#### Information

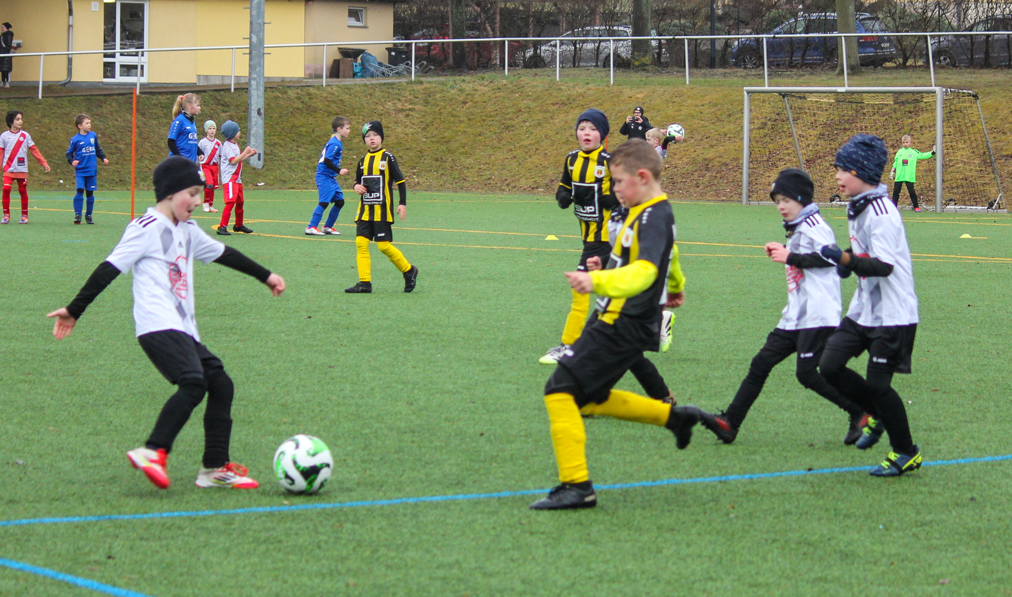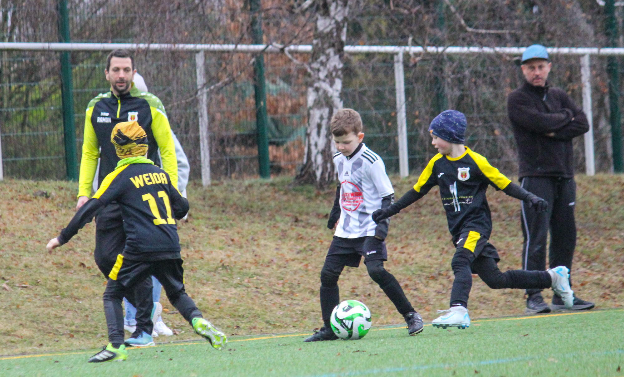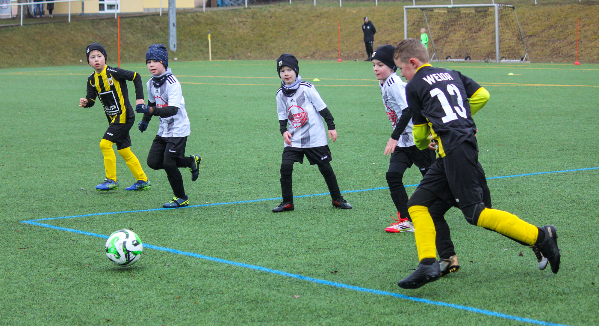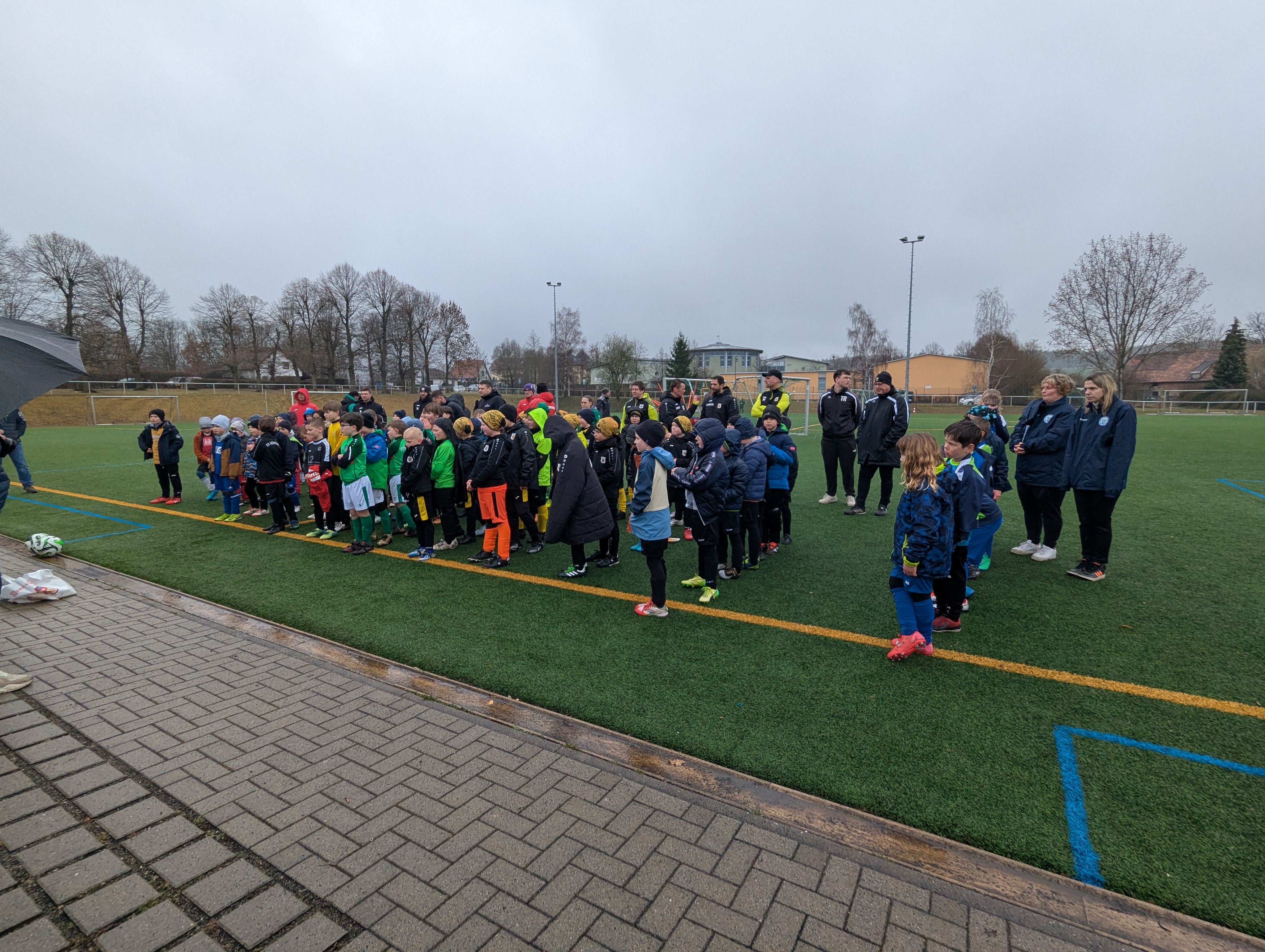 Den ersten Einsatz unter freiem Himmel stand am Sonntag für unsere F-Junioren auf dem Plan. Bei nasskalten Wetter und früher Zeit machten sich unsere Jungs auf den Weg zum Turnier des FC Thüringen Weida. 12 Mannschaften im Modus Jeder gegen Jeden sprachen für ein ordentlich Programm.
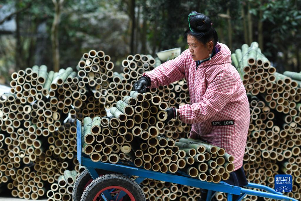 11月17日,在貴州省丹寨縣龍泉鎮卡拉村,村民在搬運用于制作竹編鳥(niǎo)籠的竹子。
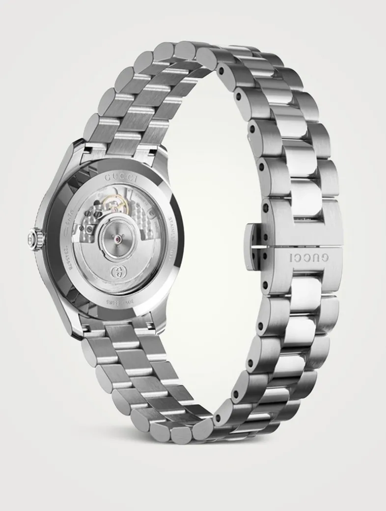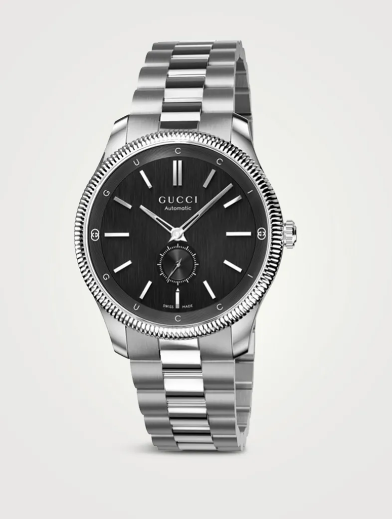 The round shape of this watch spotlights a sleek black dial with subtle expressions of the Interlocking G, Gucci lettering, and signature motifs. Finished with a steel bracelet, the accessory is enriched with a small seconds display.
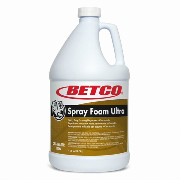 "Spray Foam Ultra is a heavy-duty, foaming degreaser for use in supermarkets, food-processing plants and other foodservice environments. It produces a thick foam that will maximize contact time and cling to vertical surfaces to quickly remove all types of animal fats grease, vegetable oil, blood and fatty soils. Continued use of Spray Foam Ultra will effectively remove old film residues in food prep areas. This degreaser does not contain caustic or chlorine, reducing physical and chemical hazards for employees. It is noncorrosive to equipment and leaves no residue. Concentrated, free-rinsing formula offers a dilution ratio of 1/2 oz. per gallon."
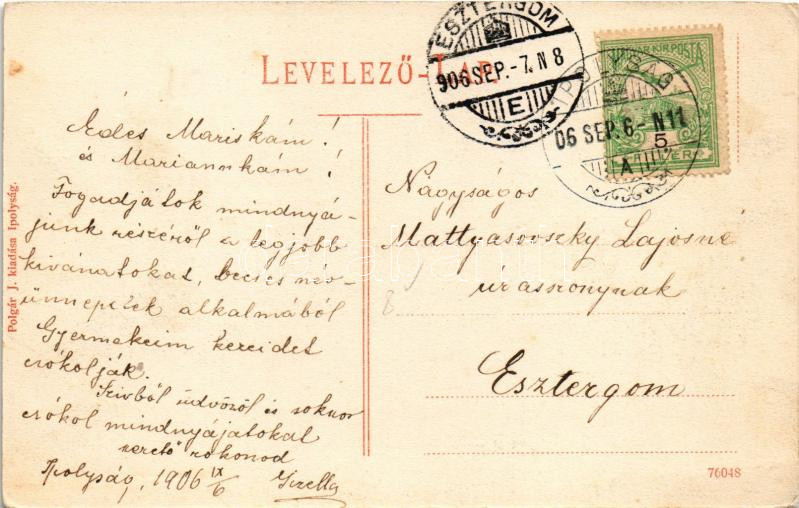 Leírás: 1906 Ipolyság, Sahy; Fő tér, Vármegyeháza, piac, üzletek. Polgár J. kiadása / main square, county hall, market, shops (kopott sarkak / worn corners)
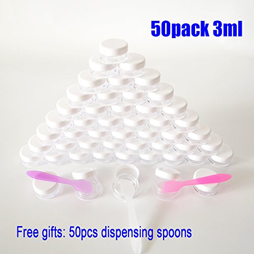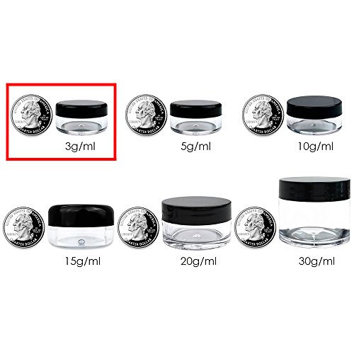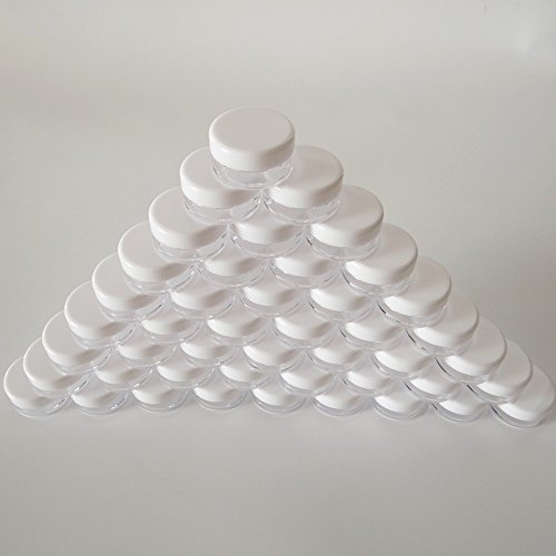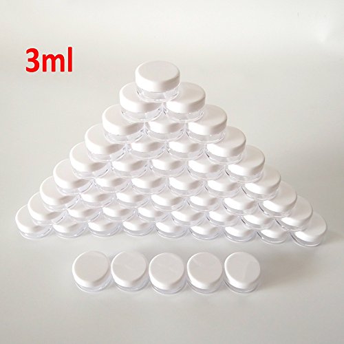 50 PCS, 3 Gram 3g Empty Plastic Cosmetic Sample Container for Make-up Eye Shadow Nails Powder Gems Beads Jewelry Paint Cream, Small 3ml Clear ROUND...
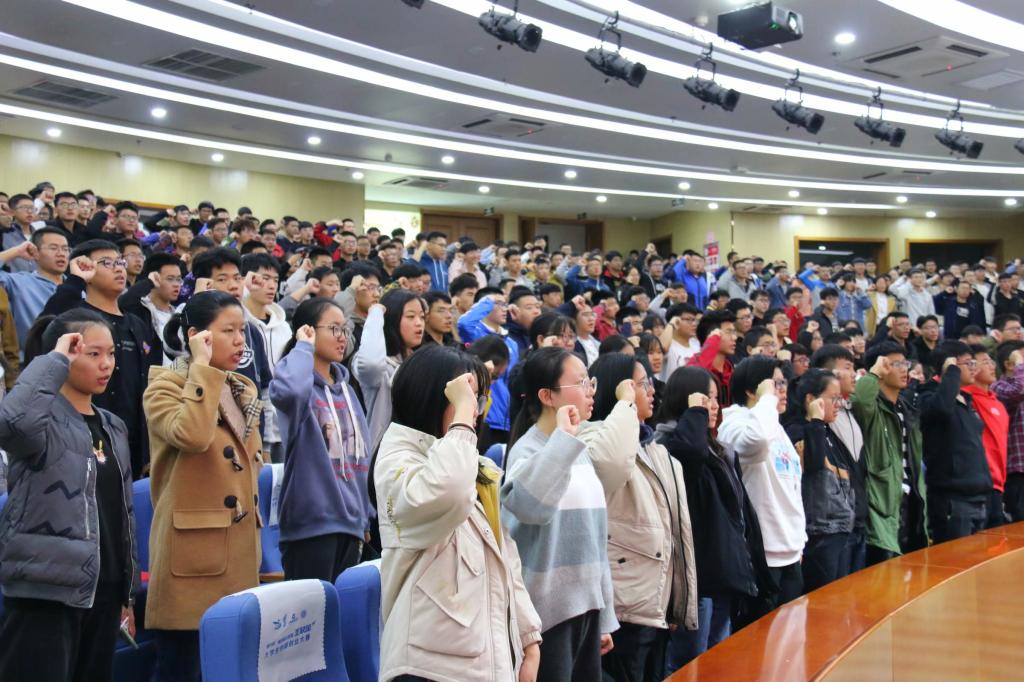 随后,2018级优秀成长导师代表尚禹老师和学生之星代表瞿博越同学作为代表进行发言。2019级各班学生代表带领全体大一同学发表成长宣言,言辞凿凿,表明了为未来奋斗的决心。主席台领导为优秀成长导师和学生之星进行颁奖并为2019级新生成长导师发放聘书。
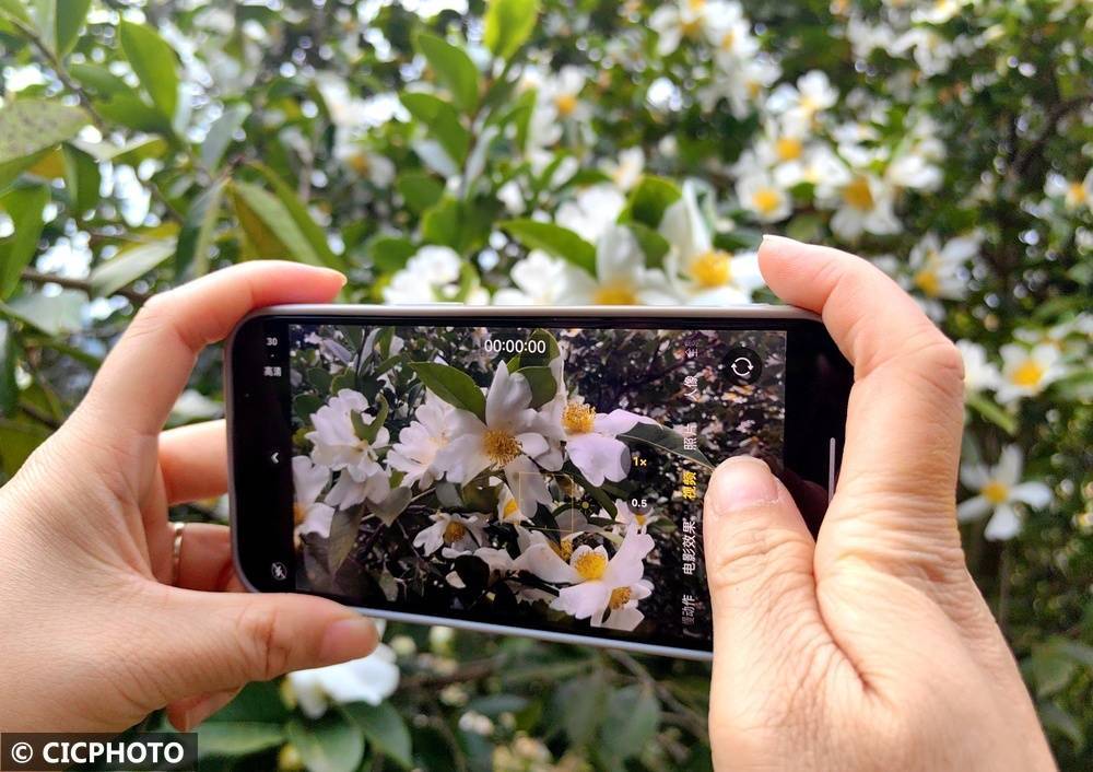 ↑2025年12月20日,游客在广西来宾市忻城县古蓬镇内联村油茶花旁赏花拍照。CICPHOTO/樊绍光 摄
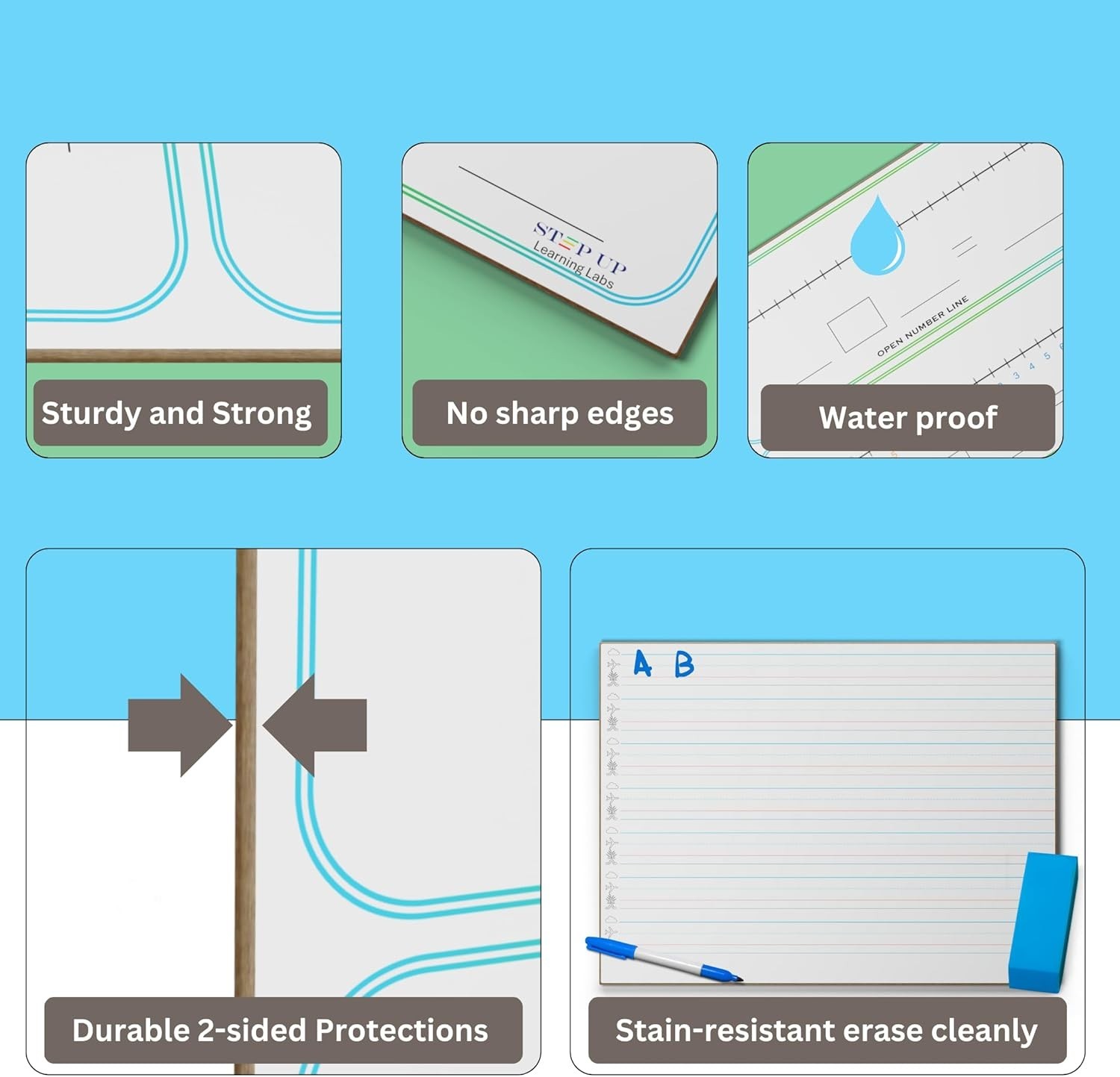 STEPUP Double Sided Whiteboard Lined Dry Erase Boards for Kids Ruled Writing ...

########

> [Your goal]: Quote verbatim every line starting at the line that contains "随后,2018级优秀成长导师" and ending with the last line of the records; omit all pictures.

> [Written response]:
 随后,2018级优秀成长导师代表尚禹老师和学生之星代表瞿博越同学作为代表进行发言。2019级各班学生代表带领全体大一同学发表成长宣言,言辞凿凿,表明了为未来奋斗的决心。主席台领导为优秀成长导师和学生之星进行颁奖并为2019级新生成长导师发放聘书。
 ↑2025年12月20日,游客在广西来宾市忻城县古蓬镇内联村油茶花旁赏花拍照。CICPHOTO/樊绍光 摄
 STEPUP Double Sided Whiteboard Lined Dry Erase Boards for Kids Ruled Writing ...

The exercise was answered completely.